A gente torce para o Flamengo segurar para ele dar muitas alegrias para a nação
rubro-negra. E que não queimem ele como fizeram com muitos jovens. O conselho
que eu posso dar a ele, é para ele continuar focado, sempre com os pés no chão.
Ele parece ser um menino centrado, com estrutura por trás para dar conta. E
isso é muito importante. Então, é manter os pés no chão e ficar focado para
cada vez mais trabalhar para evoluir – disse o atacante, acrescentando as
reviravoltas de se estar no Flamengo.
– Ele
está em um dos maiores times do Brasil, um dos maiores times do mundo. Então, a
responsabilidade é muito grande e a cobrança também. No Flamengo, ao mesmo
tempo que você está no céu, você pode ir para o inferno e vice-versa. Então, é
ter muita tranquilidade, sabedoria e ir passo a passo, que logo, logo, ele vai
estar nos profissionais arrebentando.
Nélio
Principal
nome da base do Flamengo desde a pré-adolescência, Nélio foi chamado de
“Novo Zico” pelas atuações e levados para os profissionais do clube
em 2001, por Zagallo. No ano seguinte, surgiram novos chamamentos para o elenco
principal, mas sempre intercalados com retornos para os juniores, o que
impossibilitou o jogador de ter uma sequência.
Sem o
espaço que gostaria, o jogador acabou se envolvendo em uma briga judicial com o
clube e quase foi parar no Vasco. Mas conseguiu ser emprestado ao Atlético-PR.
Desde então, rodou por clubes como Cabofriense, Brasiliense, Paraná, Cruzeiro,
Fortaleza, Joinville, Pelotas, Tupi e Corinthians-AL, Gonçalense, Campos, entre
outros. Este ano, irá defender o America-RJ na Série B1 do Campeonato Carioca e
acredita que Vinícius Júnior precisa dar tempo ao tempo para ter sucesso na
carreira.

– Eu
diria para ele ter a cabeça no lugar e paciência. A palavra é paciência mesmo.
Com paciência, as coisas se encaixam melhor.
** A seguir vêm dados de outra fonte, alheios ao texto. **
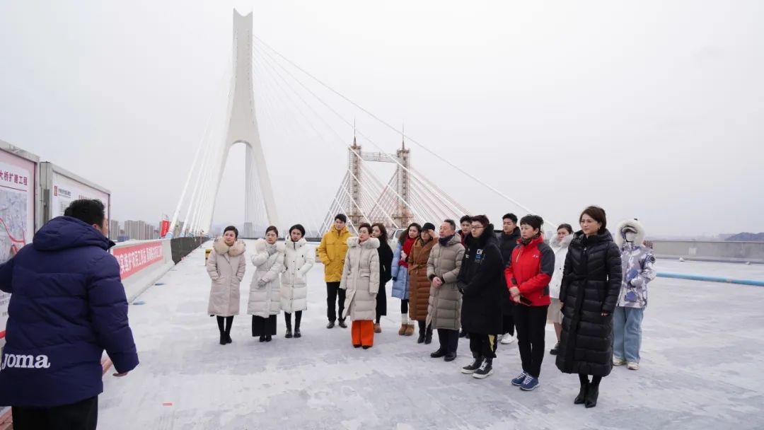 活動中,濟南廣電的播音員主持人實地參觀了由建設集團投資建設的G104京嵐線濟南黃河公路大橋項目建設現場,了解項目建設情況,感受城市發展之勢。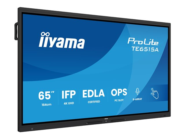 Produktbeskrivning iiyama ProLite TE6515A-B2AG 65" Klass (64.5" visbar) LED-bakgrundsbelyst LCD-skärm - 4K - för interaktiv skyltning/interaktiv kommunikation Typ av produkt LED-bakgrundsbelyst, platt LCD-skärm med beröringsskärm (multi touch) / 8-mikrofonarray / valbar slot-in PC-funktionalitet URL med QR-kod för energimärke Https://eprel.ec.europa.eu/qr/2481192 Diagonalklass 65" Diagonalstorlek 64.5" Kommersiell användning Ja - interaktiv digital skyltning Färg Svart ram med matta ytor Upplösning 3840 x 2160 Visningsformat 4K UHD (2160p) Rampris och förhöjningsteknologi 60 Hz Refresh Rate Videogränssnitt HDMI HDMI-portskvantitet 2 portar Anknytningsbarhet LAN, Wi-Fi, Bluetooth PC-gränssnitt DisplayPort, USB-C Teknik VA LCD-teknik för bakgrundsbelysning LED-bakgrundsbelysning Bildkvot 16:9 TV-tuner Ingen mottagare Bildförbättringar 72 % färgomfång NTSC Högtalarsystem 2 högtalare, bashögtalare Lagringskapacitet 128 GB Minneskort som stöds microSD USB Ja Inkluderade tillbehör Fjärrkontroll, 4 pekpennor, Wall Mounting Bracket (VESA 600x400), monteringsfäste för webbkamera, 6 kabelknutar Spänning AC 100-240 V (50/60 Hz) Energiförbrukning vid drift 170 Watt Strömkonsumtionsställ med 0.5 Watt Dimensioner (BxDxH) - utan ställ 148.91 cm x 8.71 cm x 91.18 cm Vikt 43.5 kg Tillverkarens garanti 5 års garanti -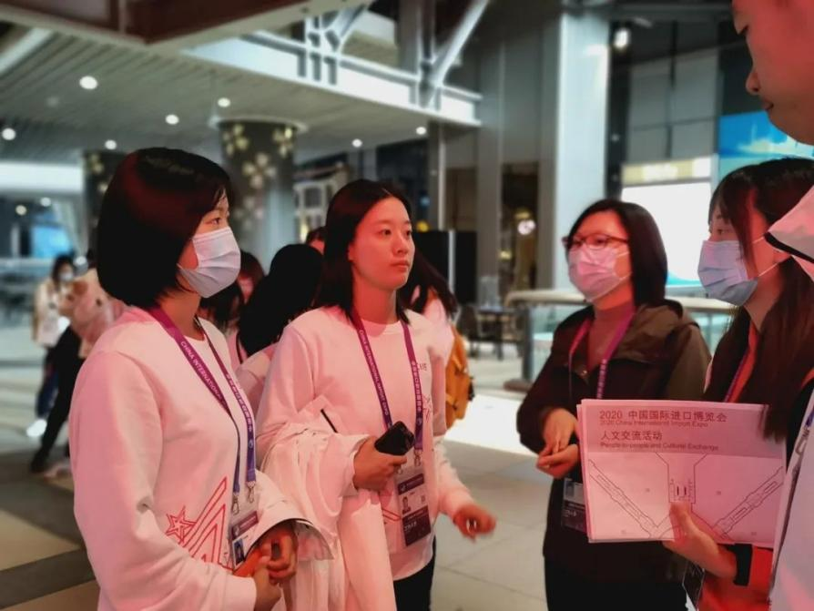 在本次进博会中,运科小叶子们主要负责人文交流活动展示区域的志愿工作,他们的主要的职责是为观展游客提供引导与咨询帮助、反馈展商的问题与需求、提供线下线上的收单保障。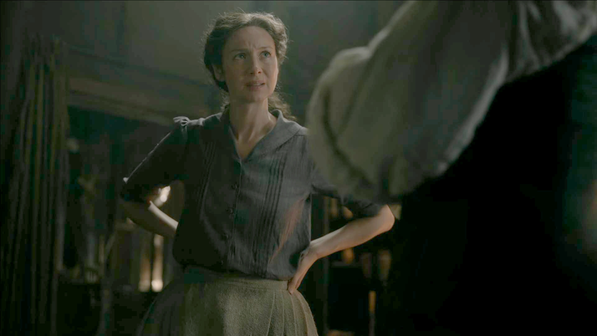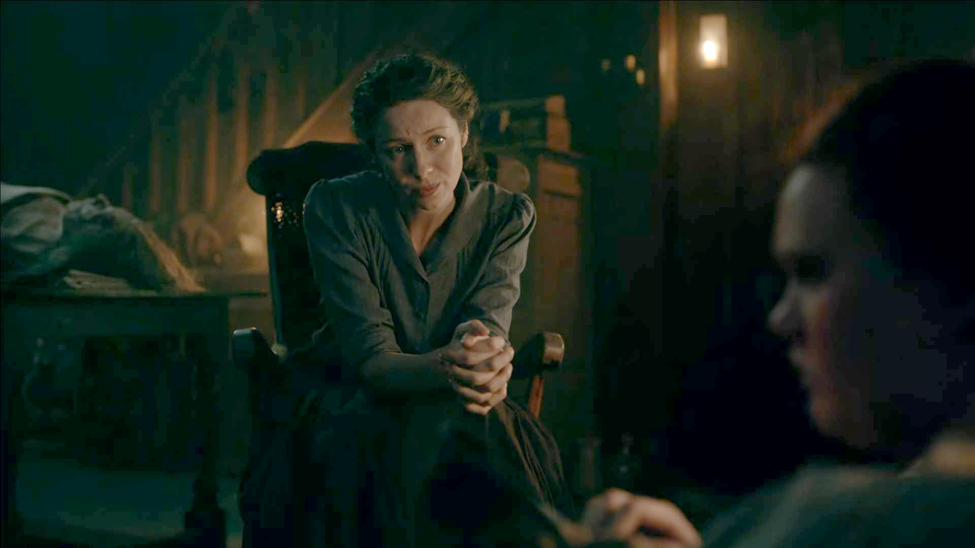 - 56 - Jamie pense qu'il n'y a qu'un monde, mais Claire lui dit que c'est faux. Elle veut que Bree et Roger retourne au 20e siècle pour être à l'abri.

É complicado falar isso para um
menino na idade dele. Mas quando você chega aos 30 percebe que as coisas vão se
encaixando. Se ele tiver paciência, as coisas vão acontecer. Ele está em um dos
maiores times do mundo, vem jogando muito bem na base. Mas no profissional é
outro esporte. Ele precisa ter paciência para estar preparado. Ter uma suporte,
ter a família ajudando é muito importante para isso. Com ele o talento que ele
tem, se continuar focado e tiver paciência, tenho certeza que vai deslanchar.